In 2019 I decided to back off the roads (with the exception of the Boston Marathon) and return to the trails, running three trail 50Ks and my first 50 miler. I kept regular tempo/road marathon pace workouts in for the first six months of the year, then backed off the aggressive pacing to follow The Happy Runner’s “Less Miles More Smiles” [https://trailrunnermag.com/training/training-for-your-first-ultra-over-50k.html] 50 mile training plan, which focuses on speed hill training, working your downhill pacing, and short interval speed work, skills that are highly compatible with trail ultra racing.


And it was a very fun year. But god help me, I missed the drumbeat of the track and the relentless push of road marathon pace and my Saucony Kinvaras. I missed reviewing my training plan for each week and finding peace with the pit in my stomach that signaled fear I could meet my pace targets…and then meeting my pace targets each week…and thinking “oh shit, now I need to meet next week’s pace targets”…and so on. So this year I am working towards running a 3:50 marathon on a flat course (Chicago in October). I truly do not know if I am capable of this, which is part of the vomit-in-my-mouth-a-little fun of setting a goal and then speaking it out loud. Pacing for a trail ultra, or even the really downhill, then slightly rolling, then slightly downhill Revel Big Cottonwood Marathon was not consistent – some miles were much faster than my overall goal pace, a few were slower, and some were right on pace. Chicago is a consistently flat course, which means I will need to hover right around 8:45 pace for almost four hours with no significant variation.

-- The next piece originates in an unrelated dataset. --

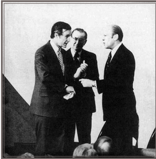
Former Ambassador George H. W. Bush receives congratulations from out-going DCI Colby and President Ford after his swearing in at the CIA Headquarters Auditorium.

Ironically, it would not be until Bush himself was in the Oval Office that CIA would again establish with a president a working relationship as fruitful as the one it had enjoyed during the first half of the Ford presidency.

And friends, this is part of what I freaking love about training. It makes no difference in the sweet flow of life if I can do this or not. It won’t make the news or impact my nonexistent sponsorship deal. In the big picture, this time goal is way slower than a lot of people can run and way faster than a lot of people can run. Part of the appeal to me is the fact that it doesn’t really matter outside of the sheer happiness of following a training plan, one of my life’s great joys as a scientist and a running geek and a profound devotee of physiological adaptation. As Alex Hutchinson explores in “Endure: Mind, Body, and the Curiously Elastic Limits of Human Performance” (2018)*, you train your body to sustain a specific effort in order to “attenuate the distress signals that your muscles and heart send back to your brain. The pace will feel easier, so you’ll be able to sustain it for longer” (212). Can I train my body over the next eight months to internalize 8:45 pace to the extent that it is sustainable for three hours and fifty minutes with the genetics my parents gave me? Let’s see!!!


Also, mom and dad, I will blame you if this doesn’t work out. Hugs.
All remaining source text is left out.